START MATERIAL PROVIDED

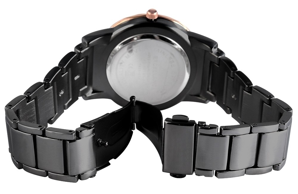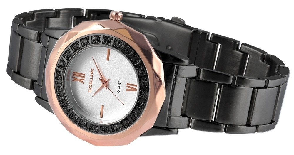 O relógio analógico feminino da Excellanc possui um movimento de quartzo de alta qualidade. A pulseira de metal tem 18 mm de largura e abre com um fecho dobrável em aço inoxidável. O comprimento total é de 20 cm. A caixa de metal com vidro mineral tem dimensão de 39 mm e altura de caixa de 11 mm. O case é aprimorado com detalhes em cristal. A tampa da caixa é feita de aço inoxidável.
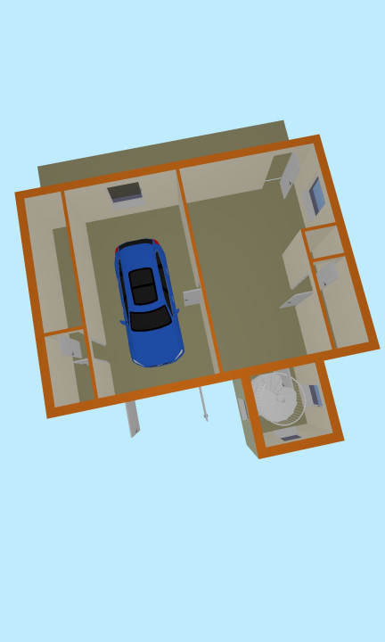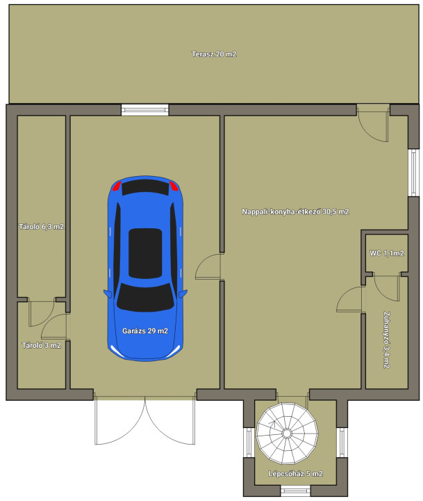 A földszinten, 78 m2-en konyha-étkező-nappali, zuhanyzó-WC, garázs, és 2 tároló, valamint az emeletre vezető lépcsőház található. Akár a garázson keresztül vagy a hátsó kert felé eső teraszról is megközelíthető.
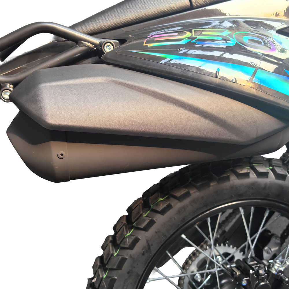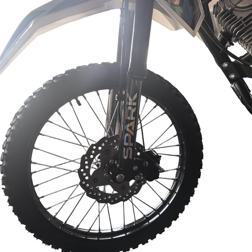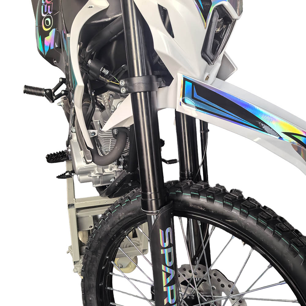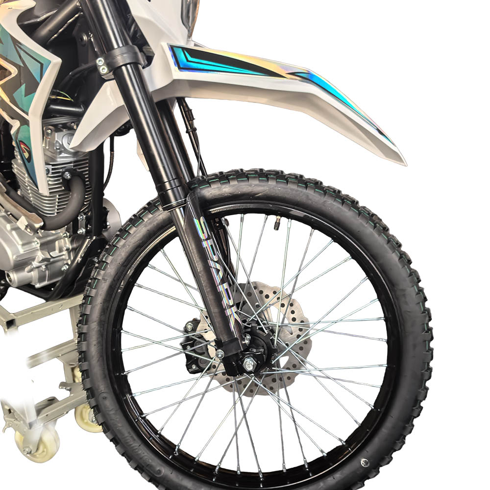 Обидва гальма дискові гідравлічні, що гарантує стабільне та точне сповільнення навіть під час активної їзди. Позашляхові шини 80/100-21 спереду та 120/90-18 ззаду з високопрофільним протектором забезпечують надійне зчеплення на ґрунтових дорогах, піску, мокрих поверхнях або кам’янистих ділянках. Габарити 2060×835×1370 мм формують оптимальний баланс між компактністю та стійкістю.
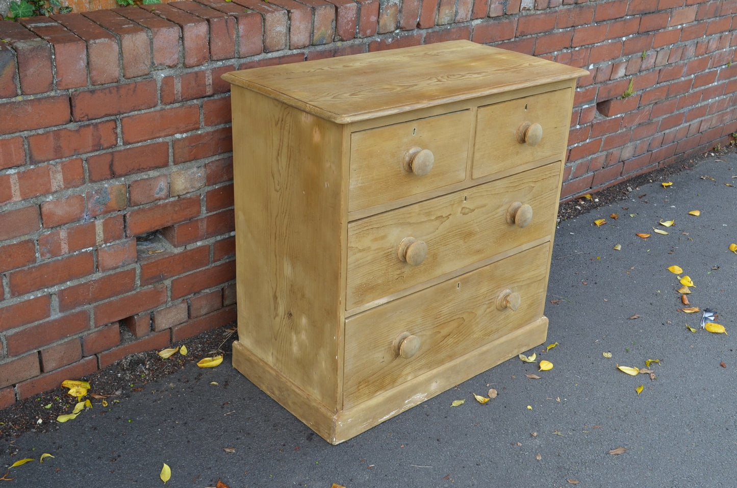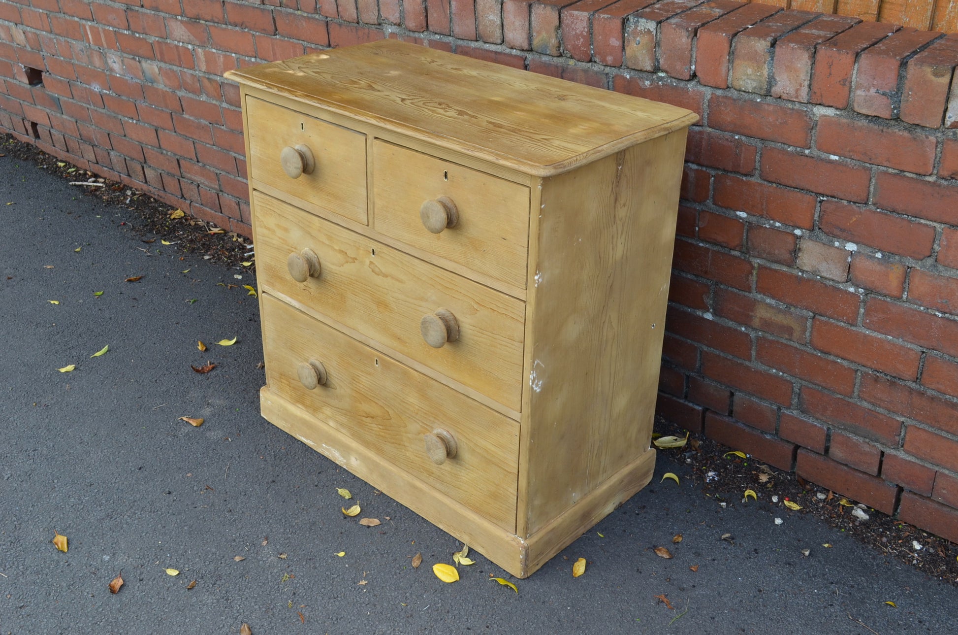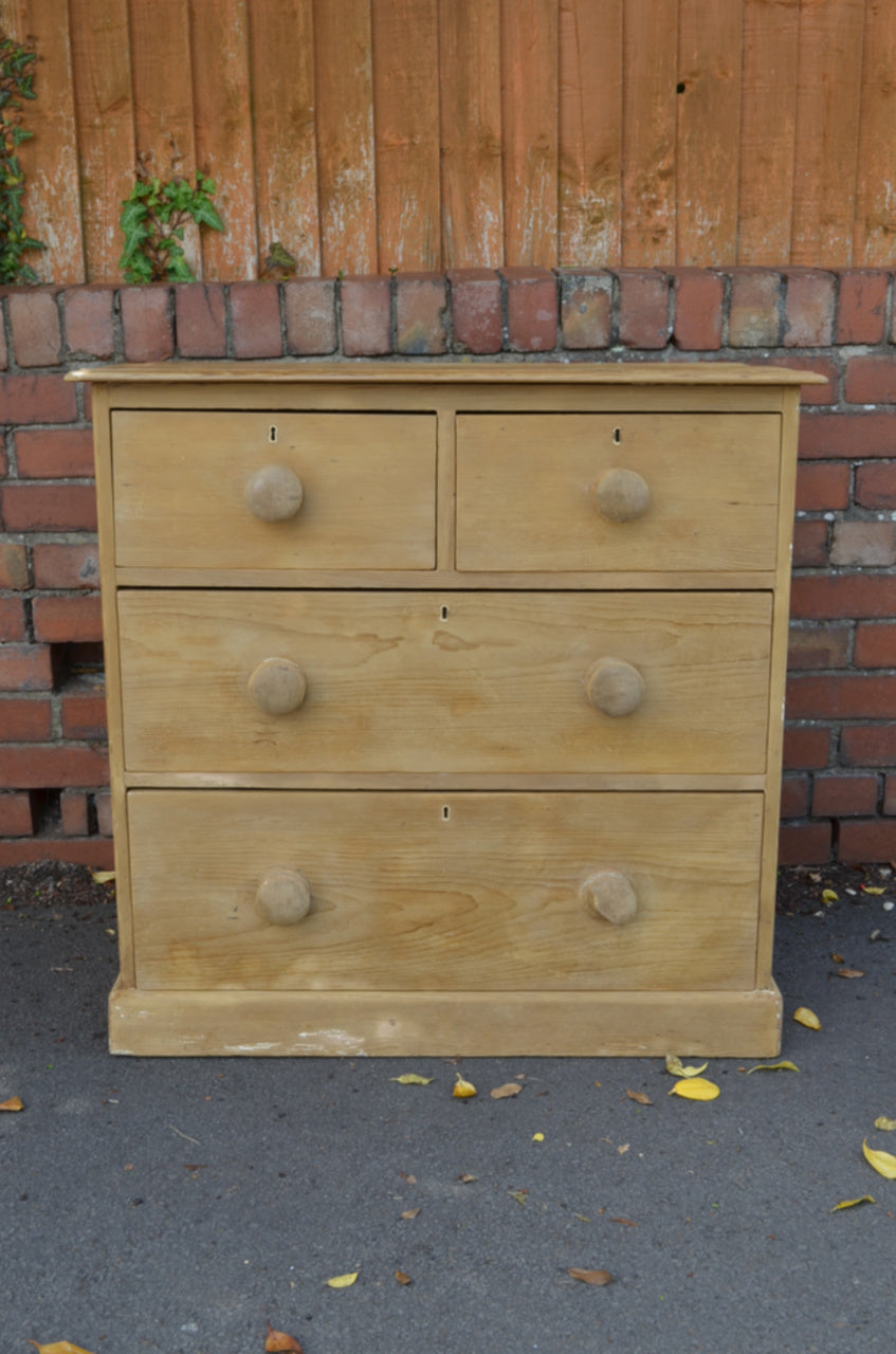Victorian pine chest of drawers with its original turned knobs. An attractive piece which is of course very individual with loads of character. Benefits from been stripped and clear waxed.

END MATERIAL PROVIDED
START MATERIAL PROVIDED

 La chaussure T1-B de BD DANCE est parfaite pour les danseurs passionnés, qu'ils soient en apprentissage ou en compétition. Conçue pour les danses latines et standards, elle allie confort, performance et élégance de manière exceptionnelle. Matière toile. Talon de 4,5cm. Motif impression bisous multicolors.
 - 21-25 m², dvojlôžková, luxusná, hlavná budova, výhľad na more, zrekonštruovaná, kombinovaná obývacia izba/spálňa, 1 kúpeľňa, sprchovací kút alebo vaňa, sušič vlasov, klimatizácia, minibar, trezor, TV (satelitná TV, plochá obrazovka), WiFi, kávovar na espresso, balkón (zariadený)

END MATERIAL PROVIDED

◆ **TASK REQUIREMENTS**: Above are the records; return the lines in them from the one with "Обидва гальма дискові" to the one with "Victorian pine chest", inclusive, exactly and without images.

◆ **RESULT OF THE EXERCISE**:
 Обидва гальма дискові гідравлічні, що гарантує стабільне та точне сповільнення навіть під час активної їзди. Позашляхові шини 80/100-21 спереду та 120/90-18 ззаду з високопрофільним протектором забезпечують надійне зчеплення на ґрунтових дорогах, піску, мокрих поверхнях або кам’янистих ділянках. Габарити 2060×835×1370 мм формують оптимальний баланс між компактністю та стійкістю.
Victorian pine chest of drawers with its original turned knobs. An attractive piece which is of course very individual with loads of character. Benefits from been stripped and clear waxed.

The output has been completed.